In my last two posts, I discussed building AsyncManualResetEvent and AsyncAutoResetEvent coordination primitives.  In this post, I’ll build on that to create a simple AsyncCountdownEvent.

A countdown event is an event that will allow waiters to complete after receiving a particular number of signals.  The “countdown” comes from the common fork/join pattern in which it’s often utilized: a certain number of operations participate, and as they complete they signal the event, which counts down from the original number to 0.  When it gets to 0, it becomes set, and all waiters can complete.
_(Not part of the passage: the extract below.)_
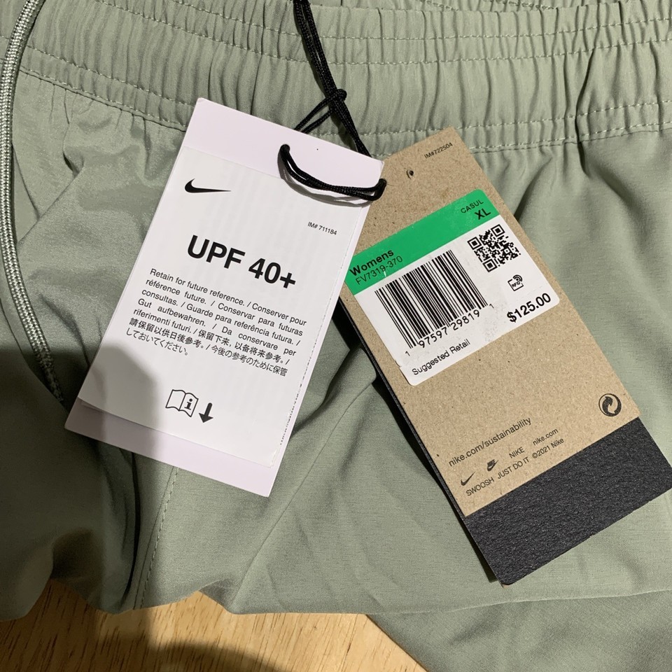 Crafted for the outdoor enthusiast, the Nike ACG Women?s XL ?Activitorium? High-Waisted UV Pants blend functionality with style. The green khakis feature a comfortable elastic waist with a lightweight, breathable polyester blend fabric that's ideal for a range of activities including walking, hiking, and climbing. With a relaxed fit and straight leg style, these pants offer ample movement and are equipped with convenient pockets, a zip pocket for secure storage, and are machine washable for easy care.

The shape of our type will be as follows:

public class AsyncCountdownEvent
{
    public AsyncCountdownEvent(int initialCount);
    public Task WaitAsync();
    public void Signal();
}

At its core, a countdown event is really just a manual reset event and an integral count, so our AsyncCountdownEvent will have two members:

private readonly AsyncManualResetEvent m_amre = new AsyncManualResetEvent();
private int m_count;

The constructor of our type simply initializes m_count based on a supplied number of signals:

public AsyncCountdownEvent(int initialCount)
{
    if (initialCount <= 0) throw new ArgumentOutOfRangeException(“initialCount”);
    m_count = initialCount;
}

The WaitAsync method is then trivial, as it’ll just delegate to the corresponding method on the AsyncManualResetEvent:

public Task WaitAsync() { return m_amre.WaitAsync(); }

Finally, our Signal method will decrement m_count, and if that brings it to 0, we’ll Set the m_amre:

public void Signal()
{
    if (m_count <= 0)
        throw new InvalidOperationException();

    int newCount = Interlocked.Decrement(ref m_count);
    if (newCount == 0)
        m_amre.Set();
    else if (newCount < 0)
        throw new InvalidOperationException();
}

One common usage of a type like AsyncCountdownEvent is using it as a form of a barrier: all participants signal and then wait for all of the other participants to arrive.  Given that, we could also add a simple SignalAndWait method to implement this common pattern:

public Task SignalAndWait()
{
    Signal();
    return WaitAsync();
}

Next time, we’ll take a look at implementing an actual asynchronous barrier, one that can be used over and over by the participants to operate in lock step.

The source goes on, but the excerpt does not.